While Hungary remains formally within the EU framework, tensions have escalated between Budapest and Brussels over rule-of-law concerns. The European Parliament has triggered Article 7 proceedings against Hungary, citing systemic threats to judicial independence and media freedom. These developments further support the argument that Hungary exhibits characteristics of a delegative or even hybrid regime.
Democratic Restoration
Returning to the original question , what explains Hungary’s democratic backsliding, and how can theory illuminate its causes? we find that a combination of strategic political agency, institutional restructuring, and weakened accountability mechanisms has facilitated the erosion of liberal democratic norms. Schmitter and Karl’s optimism about democracy as an endpoint appears challenged by Hungary’s experience, suggesting that democratization is not inherently irreversible.

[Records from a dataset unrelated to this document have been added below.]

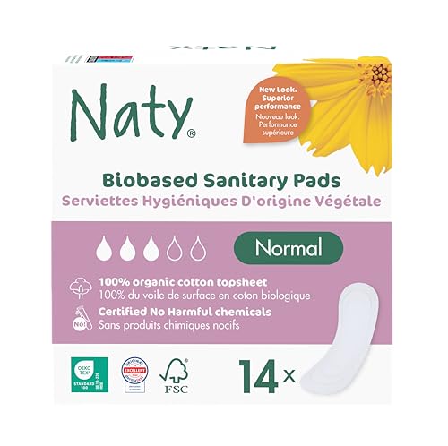 Naty Binda Normal utan vingar | 100% certifierad ekologisk bomull mot huden | Certifierat säker för huden | Oparfymerad, 0% vanlig plast | Absorberande skydd | 14 bindor
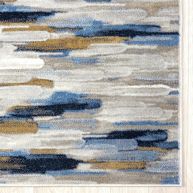 Abani Porto Collection Area Rug -Grey/Blue Abstract Design -4' x 6' - Easy to Clean - Durable for Kids and Pets - Non-Shedding - Medium Pile - Soft Feel - for Living Room, Bedroom & Office
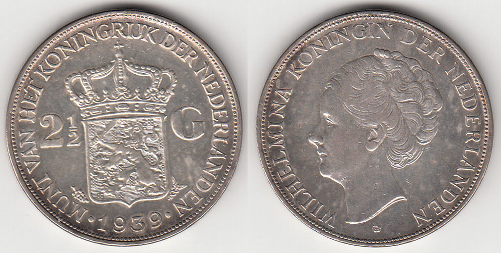 Item Number: NE-39 Extremely Fine - KM#165 2-1/2 Gulden .720 Silver. Large silver dollar size with head of Queen Wilhelmina.$85.00

At the same time, theories by Waldner and Lust (2018) and O’Donnell (1994) remind us that democratic erosion often unfolds incrementally and legally, rather than through abrupt authoritarian takeover. Hungary demonstrates that elections alone do not guarantee democratic governance; robust horizontal and vertical accountability are equally essential.
Conclusion
The future of Hungarian democracy may depend on the reestablishment of judicial independence, media pluralism, and competitive electoral conditions. As argued by scholars such as Adam Przeworski and Fernando Limongi (1997), democracy persists not because it is inevitable, but because political actors and citizens continue to defend it. Whether Hungary will experience democratic restoration or further entrenchment of illiberalism remains uncertain. What is clear, however, is that Hungary serves as a critical case study in understanding how democratic systems can erode from within , through ballots, laws, and institutions that once symbolized democratic triumph.